## Data for this exercise
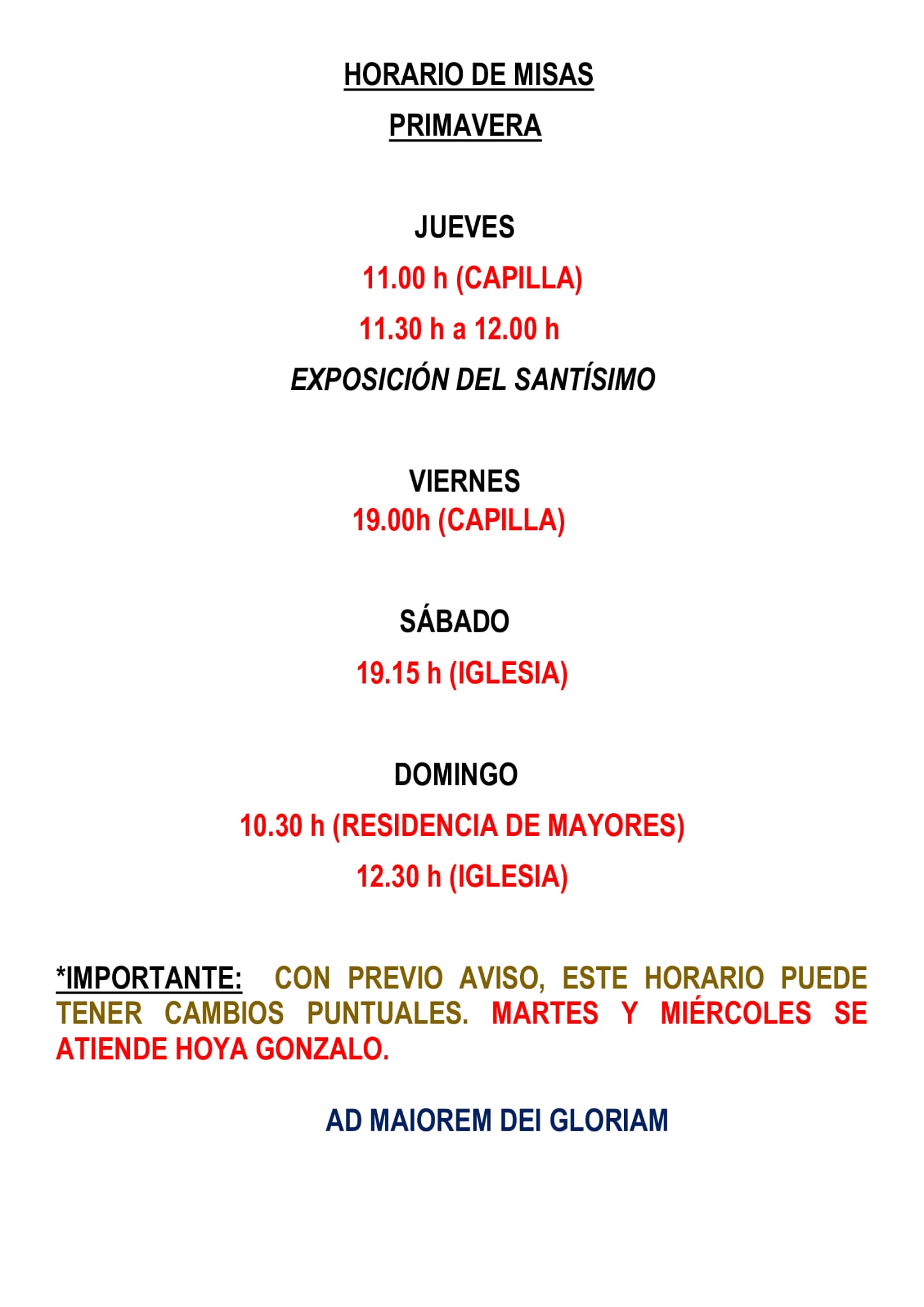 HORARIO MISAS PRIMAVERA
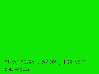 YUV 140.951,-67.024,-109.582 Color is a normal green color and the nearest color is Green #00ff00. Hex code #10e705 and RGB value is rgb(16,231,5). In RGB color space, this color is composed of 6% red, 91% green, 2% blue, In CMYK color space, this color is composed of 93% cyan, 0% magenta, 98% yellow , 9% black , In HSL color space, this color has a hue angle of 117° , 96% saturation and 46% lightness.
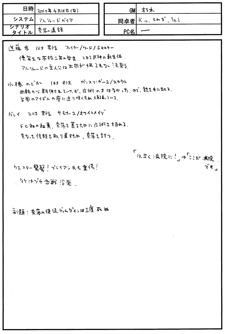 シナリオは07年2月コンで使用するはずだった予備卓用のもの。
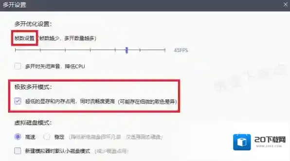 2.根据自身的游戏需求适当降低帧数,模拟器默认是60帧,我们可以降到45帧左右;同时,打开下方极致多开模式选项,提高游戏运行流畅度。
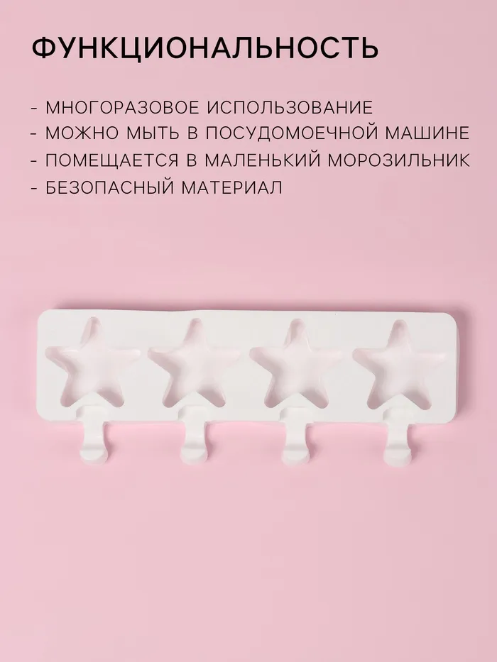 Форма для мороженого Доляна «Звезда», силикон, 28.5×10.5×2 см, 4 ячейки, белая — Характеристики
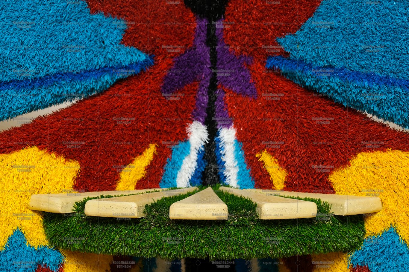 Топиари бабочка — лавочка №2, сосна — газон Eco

--

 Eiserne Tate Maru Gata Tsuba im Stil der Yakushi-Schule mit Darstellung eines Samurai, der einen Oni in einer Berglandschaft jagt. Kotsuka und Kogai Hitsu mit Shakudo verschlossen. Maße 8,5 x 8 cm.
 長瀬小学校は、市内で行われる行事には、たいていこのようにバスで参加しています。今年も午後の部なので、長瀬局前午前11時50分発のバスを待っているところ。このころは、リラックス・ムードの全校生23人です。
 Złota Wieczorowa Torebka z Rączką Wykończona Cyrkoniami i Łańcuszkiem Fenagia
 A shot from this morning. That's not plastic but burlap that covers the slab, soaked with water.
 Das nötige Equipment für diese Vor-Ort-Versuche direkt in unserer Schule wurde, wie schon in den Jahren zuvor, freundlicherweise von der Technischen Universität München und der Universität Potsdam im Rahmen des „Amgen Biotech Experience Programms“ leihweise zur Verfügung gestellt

---

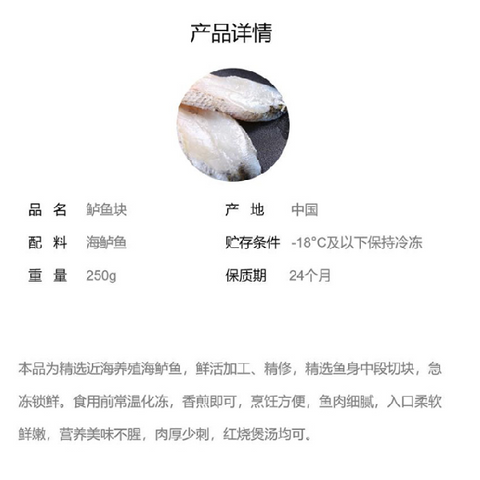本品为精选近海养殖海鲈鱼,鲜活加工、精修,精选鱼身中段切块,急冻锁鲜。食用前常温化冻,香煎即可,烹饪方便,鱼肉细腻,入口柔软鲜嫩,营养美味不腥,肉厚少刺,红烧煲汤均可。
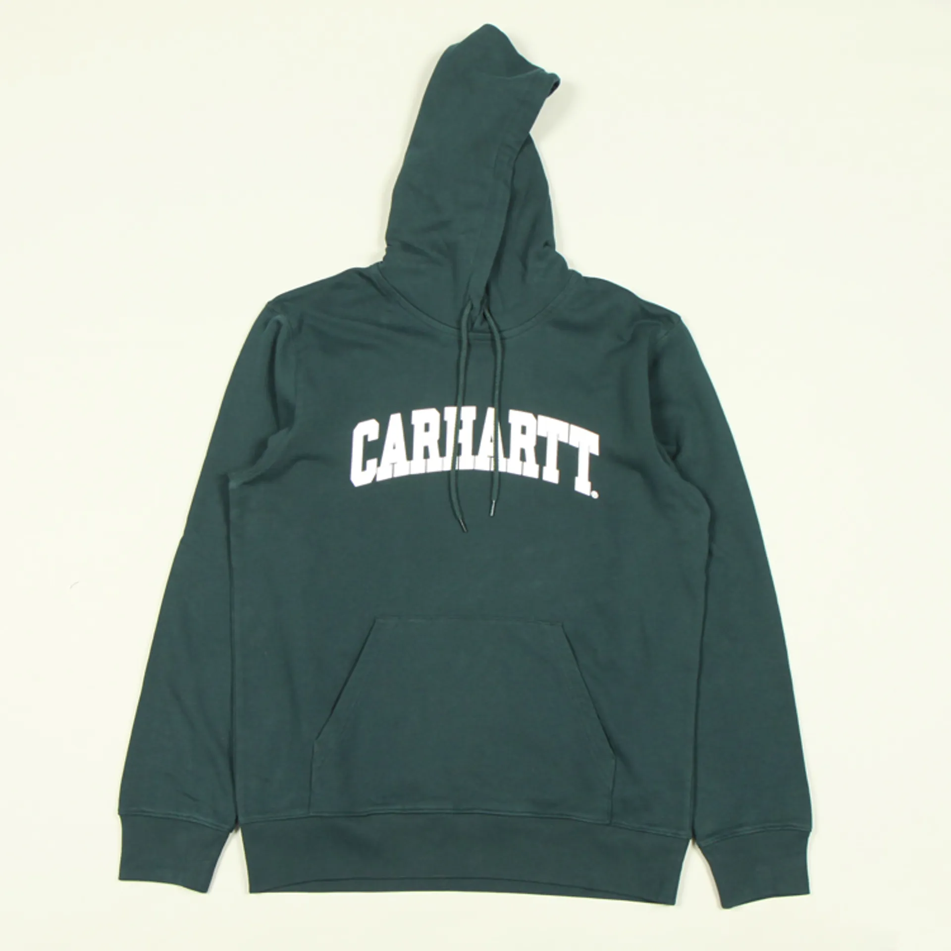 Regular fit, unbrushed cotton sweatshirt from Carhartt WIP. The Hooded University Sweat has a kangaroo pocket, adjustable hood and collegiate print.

## Problem requirements
In the records above, find the line with "HORARIO MISAS PRIMAVERA" and the line with "シナリオは07年2月コンで使用するはずだった予備卓用のもの。"; please transcribe exactly those two lines and all lines between them, omitting any picture.

## Problem solution
 HORARIO MISAS PRIMAVERA
 YUV 140.951,-67.024,-109.582 Color is a normal green color and the nearest color is Green #00ff00. Hex code #10e705 and RGB value is rgb(16,231,5). In RGB color space, this color is composed of 6% red, 91% green, 2% blue, In CMYK color space, this color is composed of 93% cyan, 0% magenta, 98% yellow , 9% black , In HSL color space, this color has a hue angle of 117° , 96% saturation and 46% lightness.
 シナリオは07年2月コンで使用するはずだった予備卓用のもの。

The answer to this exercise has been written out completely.